It seems that unless you’re primarily government-backed, like Saudi Aramco, Emirates Airlines, or Emirates NBD, your brand will eventually give in to the allure of a fat foreign paycheck.
Today, we are quickly losing our star-studded Arab brands.
After acquiring Souq.com for $580 million in 2017, Amazon has now set in motion the next part in its plan. It has now rebranded the Souq.com site in the UAE to Amazon.ae.
However, this piece of news, coupled with the fact that just over a month ago Uber, announced it is acquiring Careem for $3.1 billion, has brought an interesting question to the forefront.
Is Middle Eastern business losing out to international corporations?
A homebred brand image lost
It’s not often that the Middle East gets its own homegrown breakout startups.
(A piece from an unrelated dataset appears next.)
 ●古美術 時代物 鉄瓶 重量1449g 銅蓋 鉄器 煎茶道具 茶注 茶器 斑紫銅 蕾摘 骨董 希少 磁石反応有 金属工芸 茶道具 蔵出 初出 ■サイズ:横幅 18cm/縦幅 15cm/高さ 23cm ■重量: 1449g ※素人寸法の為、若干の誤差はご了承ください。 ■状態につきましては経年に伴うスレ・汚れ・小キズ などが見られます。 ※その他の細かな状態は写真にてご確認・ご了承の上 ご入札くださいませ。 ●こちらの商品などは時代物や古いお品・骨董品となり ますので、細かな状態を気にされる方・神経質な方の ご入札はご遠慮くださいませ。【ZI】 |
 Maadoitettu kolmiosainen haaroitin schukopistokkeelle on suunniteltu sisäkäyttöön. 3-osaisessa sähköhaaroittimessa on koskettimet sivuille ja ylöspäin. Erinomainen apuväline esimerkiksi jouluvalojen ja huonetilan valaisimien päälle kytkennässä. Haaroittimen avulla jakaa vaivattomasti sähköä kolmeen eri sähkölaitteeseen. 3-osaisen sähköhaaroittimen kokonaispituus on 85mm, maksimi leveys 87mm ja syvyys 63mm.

Ride-hailing firm Careem was putting so much pressure on Uber regionally that the American corporation decided to outright buy it out, especially in light of its upcoming IPO.
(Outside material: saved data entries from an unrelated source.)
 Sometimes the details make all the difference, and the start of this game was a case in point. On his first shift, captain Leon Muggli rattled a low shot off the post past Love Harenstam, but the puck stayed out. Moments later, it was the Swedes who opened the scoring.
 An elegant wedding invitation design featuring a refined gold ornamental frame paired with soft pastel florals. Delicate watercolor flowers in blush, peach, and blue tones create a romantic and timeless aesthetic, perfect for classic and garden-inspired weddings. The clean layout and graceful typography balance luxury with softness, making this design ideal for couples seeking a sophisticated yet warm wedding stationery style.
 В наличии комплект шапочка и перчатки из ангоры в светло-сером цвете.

Similarly, Souq was the star of the e-commerce scene in the Middle East, and companies like Emaar Malls were clamoring to get their hands on it, offering a bid as high as $800 million.
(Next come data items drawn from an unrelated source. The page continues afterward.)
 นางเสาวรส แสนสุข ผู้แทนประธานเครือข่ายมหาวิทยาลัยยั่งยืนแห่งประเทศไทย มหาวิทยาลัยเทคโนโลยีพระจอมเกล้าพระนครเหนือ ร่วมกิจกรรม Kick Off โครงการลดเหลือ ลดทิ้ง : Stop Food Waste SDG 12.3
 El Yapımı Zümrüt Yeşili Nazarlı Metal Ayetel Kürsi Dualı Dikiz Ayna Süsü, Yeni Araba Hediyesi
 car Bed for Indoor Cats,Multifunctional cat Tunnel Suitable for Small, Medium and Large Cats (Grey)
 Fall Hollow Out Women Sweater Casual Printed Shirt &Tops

Eventually, despite conflicting reports on the matter, with Careem pushing for independence, it eventually submitted to Uber’s offer. However, it has maintained that it would maintain operations under the Careem brand.
Again, along a similar tune, Souq’s co-founder and (recent) Amazon MENA Vice President Ronaldo Mouchawar is enforcing that the transition will allow for the best of both worlds.
“Amazon.ae brings together Souq’s local know-how and Amazon’s global expertise, something we believe will be of significant benefit to UAE customers,” he said.
Still, there’s no denying that the Souq brand identity could very much be lost in the homogeneity of that which is Amazon. No one can dispute that Souq has accomplished great things in the field of Arab e-commerce by pushing its limits in the region to new heights. As such, it’s a little unfortunate to see these efforts and accolades absorbed by a giant corporation such as Amazon, furthering its global hold on e-retail, and taking away one of our Arab stars.
An alternative for the greater good of regional business
While an exit is a completely natural stage in the lifespan of a startup, perhaps Arab startups should consider other options.
Elie Khouri, CEO of Omnicom Media Group MENA, is of this sentiment, taking to the media last month to express his opinion on the Uber-Careem acquisition, as well as the Amazon-Souq deal.
“After Amazon’s acquisition of Souq.com in 2017 for $580 million, the $3.1 billion price-tag for Careem in cash and shares intimates the appetite for the Middle East’s Internet start-ups is growing,” he said last month. “Most observers celebrate it as proof that tech investments in the region are judicious and can lead to a profitable exit.”
“But are we being blinded by the short-term impact? Is the deal as good as it seems for our ecosystem and region?”
That is the crux of Khouri’s argument. Should successful Arab startups forego a fat foreign paycheck for the greater good of regional business?
“As is the case with most foreign acquisitions, profits will most likely be channeled back to the home country rather than being reinvested locally,” he said. This could take the air out of the room if we’re not careful.”
If there is one thing that we can learn from the success stories that are Souq.com and Careem, it is that the MENA market has great potential for business. However, the market is highly specialized and region-specific, meaning mega corporations with big wads of cash hoping to secure themselves a healthy slice of Arabian business are not guaranteed to succeed.